» **What is expected**: Drop the images, then output the listing exactly.

» **Given material**:
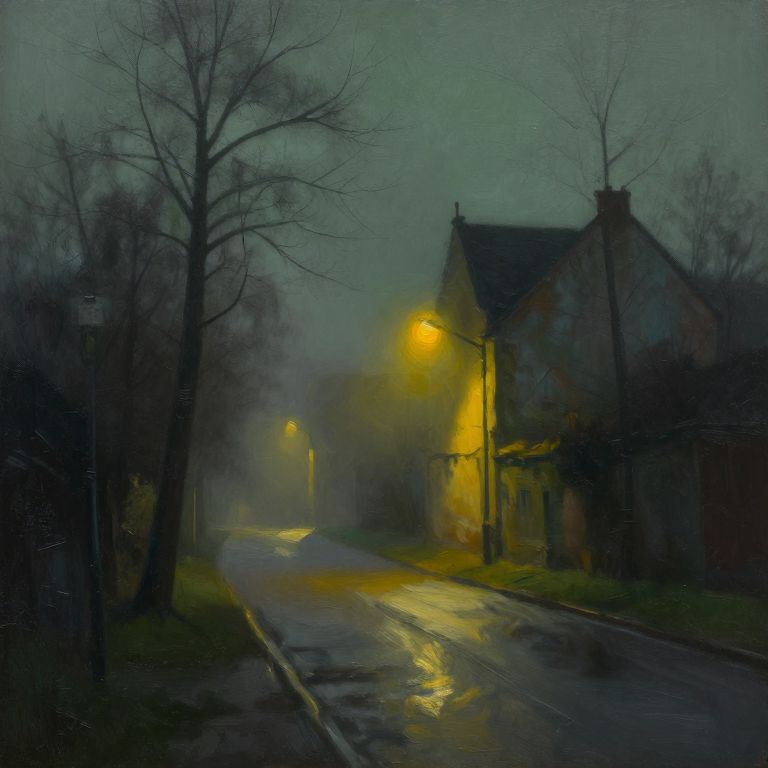 A modern abstract oil painting by Bruce Holwerda depicting a misty, atmospheric street scene at night, The image is dominated by a narrow, winding road that curves gently to the right, disappearing into the fog, The road is wet, with a glistening texture suggesting recent rainfall, On the left side of the road, a tall, leafless tree stands bare against the dark, foggy sky, To the right, another tree, also leafless, is visible, The background features an old, dilapidated building with a pitched roof and multiple chimneys, partially obscured by the fog, The building's walls are rough and weathered, indicative of age, The streetlights on either side of the road emit a warm, yellowish-orange glow, contrasting sharply with the cool, muted tones of the fog and the dark, almost black, shadows, The lights cast long, soft shadows on the ground, enhancing the eerie, almost ghostly atmosphere, The overall color palette is dominated by greens, greys, and blacks, with occasional bursts of warm yellow from the streetlights, The image exudes a sense of solitude and melancholy, with a hint of mystery and the passage of time, loose brushwork, vibrant color, light and shadow play, captures feeling over form
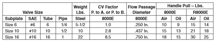 PARKER液壓單向閥8000E系列可以2,3和4向手動切換,閥體零泄漏,可用于潤滑的空氣,液壓油,和水。閥設(shè)計需要低驅(qū)動扭矩,并且可以在負(fù)載必須保持長時間和困難的條件下的應(yīng)用中。8000E系列閥具有高污染的耐受性和長壽命,閥設(shè)計需要低驅(qū)動扭矩,面板式安裝標(biāo)準(zhǔn)。
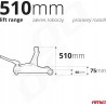 • Hubbereich: 75–510 mm: Die flache Bauweise ermöglicht den Einsatz auch bei Fahrzeugen mit tiefergelegter Federung.
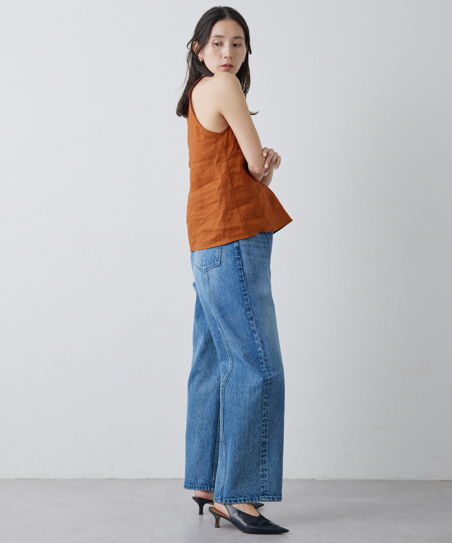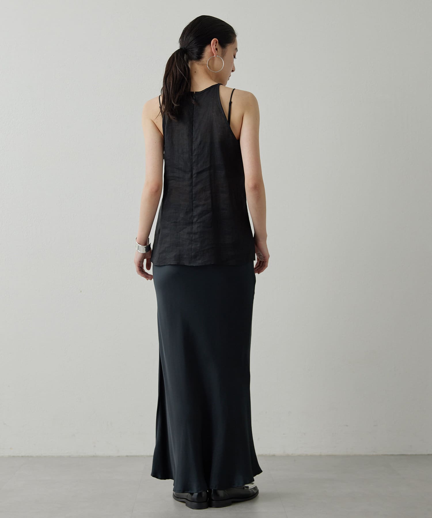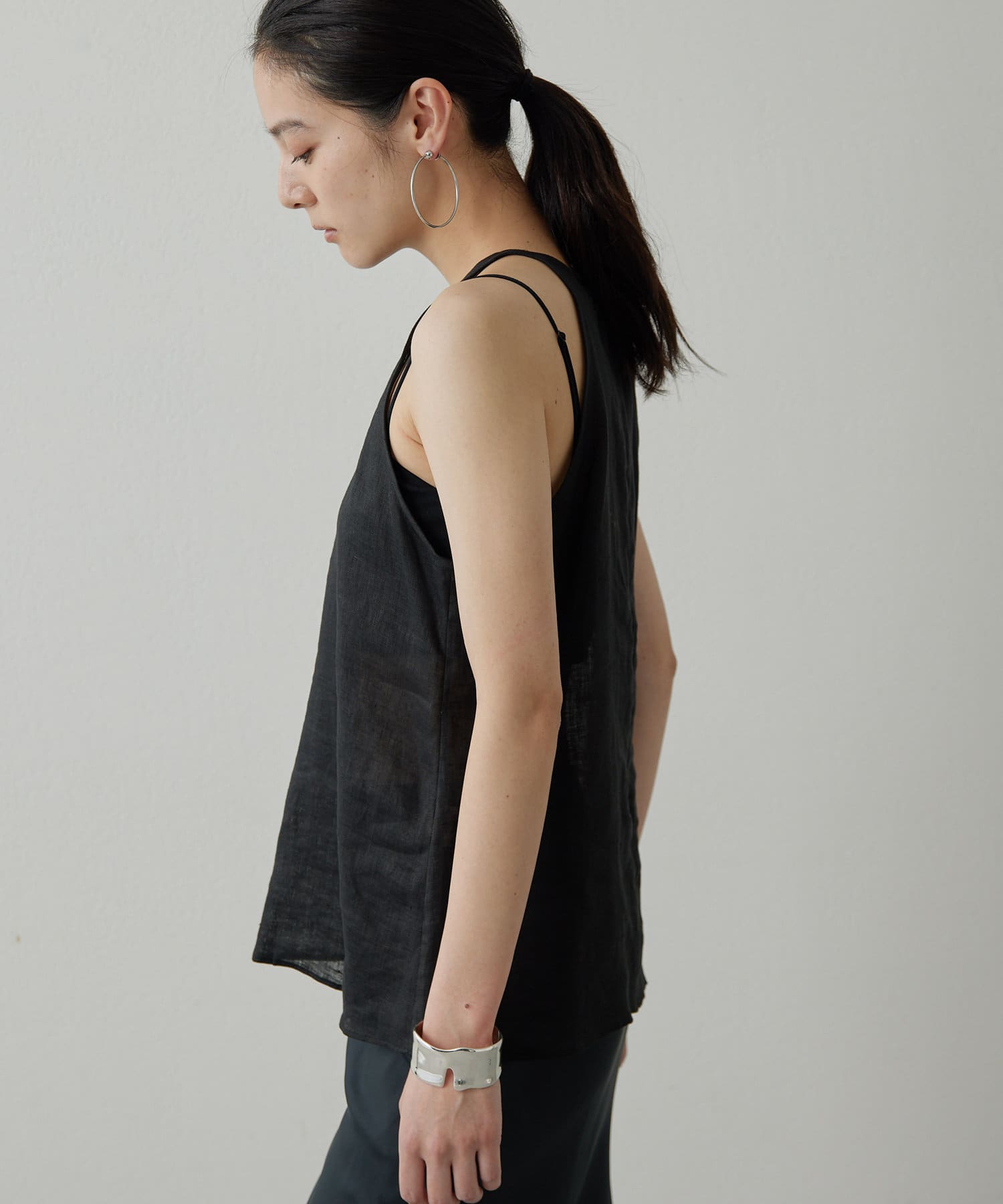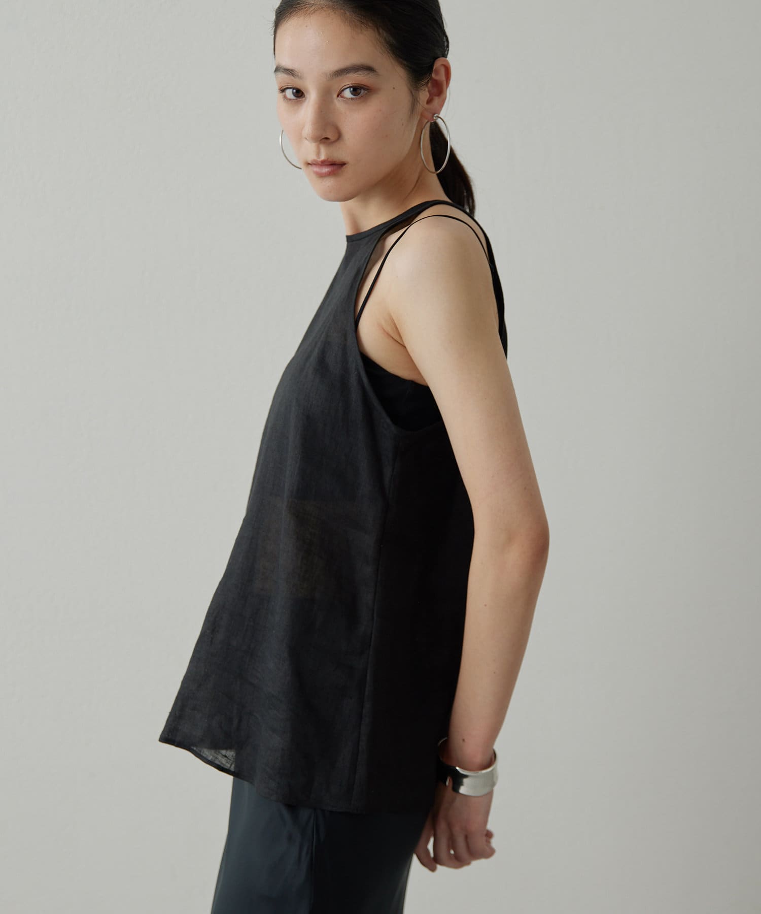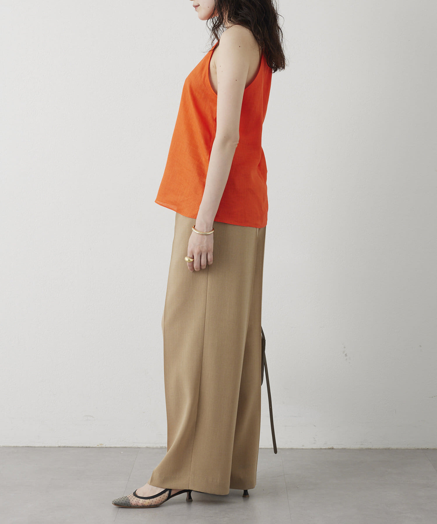 定番の平織りリネンで1枚でも活躍するホルターブラウス

» **Result**:
 A modern abstract oil painting by Bruce Holwerda depicting a misty, atmospheric street scene at night, The image is dominated by a narrow, winding road that curves gently to the right, disappearing into the fog, The road is wet, with a glistening texture suggesting recent rainfall, On the left side of the road, a tall, leafless tree stands bare against the dark, foggy sky, To the right, another tree, also leafless, is visible, The background features an old, dilapidated building with a pitched roof and multiple chimneys, partially obscured by the fog, The building's walls are rough and weathered, indicative of age, The streetlights on either side of the road emit a warm, yellowish-orange glow, contrasting sharply with the cool, muted tones of the fog and the dark, almost black, shadows, The lights cast long, soft shadows on the ground, enhancing the eerie, almost ghostly atmosphere, The overall color palette is dominated by greens, greys, and blacks, with occasional bursts of warm yellow from the streetlights, The image exudes a sense of solitude and melancholy, with a hint of mystery and the passage of time, loose brushwork, vibrant color, light and shadow play, captures feeling over form
 PARKER液壓單向閥8000E系列可以2,3和4向手動切換,閥體零泄漏,可用于潤滑的空氣,液壓油,和水。閥設(shè)計需要低驅(qū)動扭矩,并且可以在負(fù)載必須保持長時間和困難的條件下的應(yīng)用中。8000E系列閥具有高污染的耐受性和長壽命,閥設(shè)計需要低驅(qū)動扭矩,面板式安裝標(biāo)準(zhǔn)。
 • Hubbereich: 75–510 mm: Die flache Bauweise ermöglicht den Einsatz auch bei Fahrzeugen mit tiefergelegter Federung.
 定番の平織りリネンで1枚でも活躍するホルターブラウス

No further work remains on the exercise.